People say you shouldn’t eat before bed but not everyone really knows why. Many of us have probably tried eating then going to sleep and still wonder what might happen. Well, let me answer your curiosity.
So, why shouldn’t you eat before bed? You should not eat a heavy meal 2 to 3 hours before bed because your body’s metabolism slows down, making sleeping a lot more difficult and causes unhealthy risks.
You are placing yourself at risk of uncontrolled weight gain, interrupted sleep, difficult breathing, complicated appetite and other health issues.
However, you must keep in mind, it’s not that you can’t eat before bed.
You just can’t eat a heavy meal 2 or 3 hours before bed, but if 4 to 5 hours have passed since your last heavy meal and you are still awake, you are allowed to eat a light snack.
Going to bed with a heavy stomach makes it harder for your body to digest it and burn the fat. In other words, your metabolism is slower than when you are awake.
Any undigested calories will be stored as fat, causing you to gain weight.
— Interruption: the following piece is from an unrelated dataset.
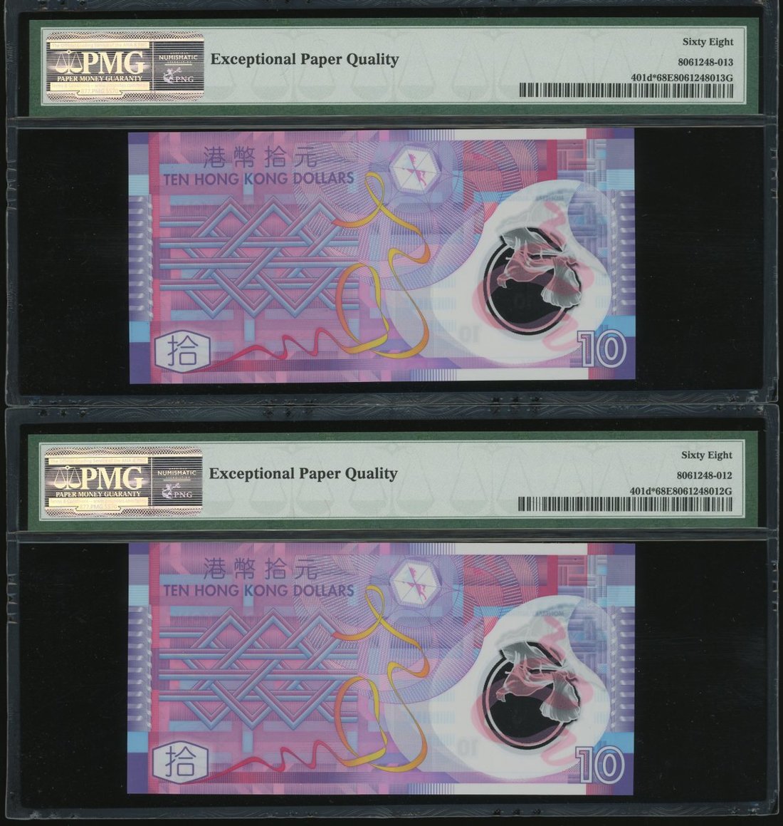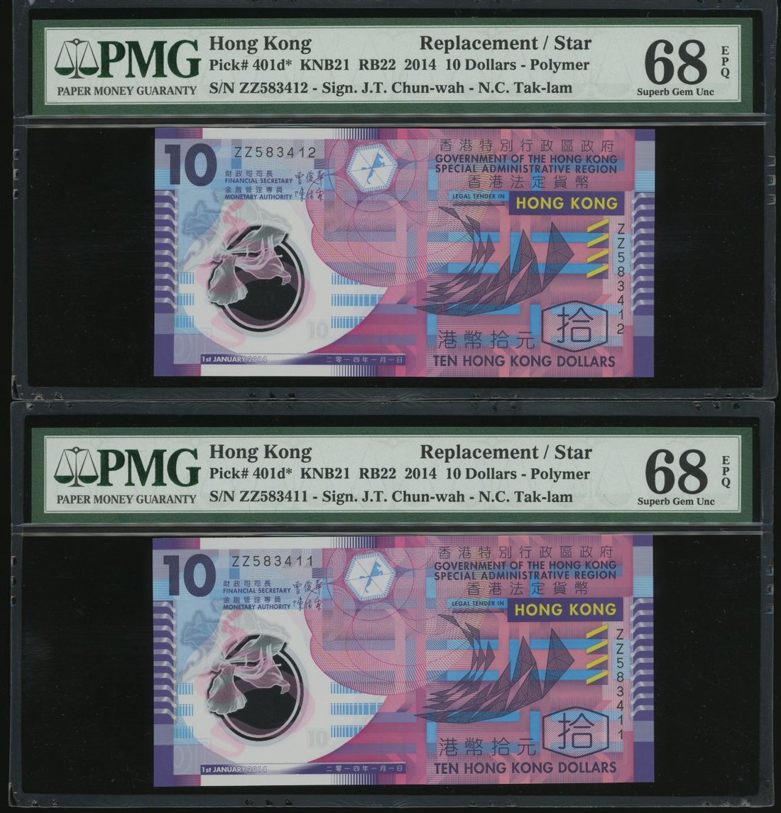Government of Hong Kong, lot of 2x $10, 1.1.2014, replacement serial numbers ZZ583411 and 412, (Pick 401d*), both graded PMG 68EPQ Superb Gem Uncirculated (2)

Since your body is also busy burning the food you ingested, breathing can be difficult. Which one to do first? Digest or breathe? It can’t be helped if your body becomes “pressured” and not know what to do first.
So what comes next after difficult breathing? Disrupted sleep.
There’s a good chance that you might wake up gasping for air or just simply wake up because your stomach is too active.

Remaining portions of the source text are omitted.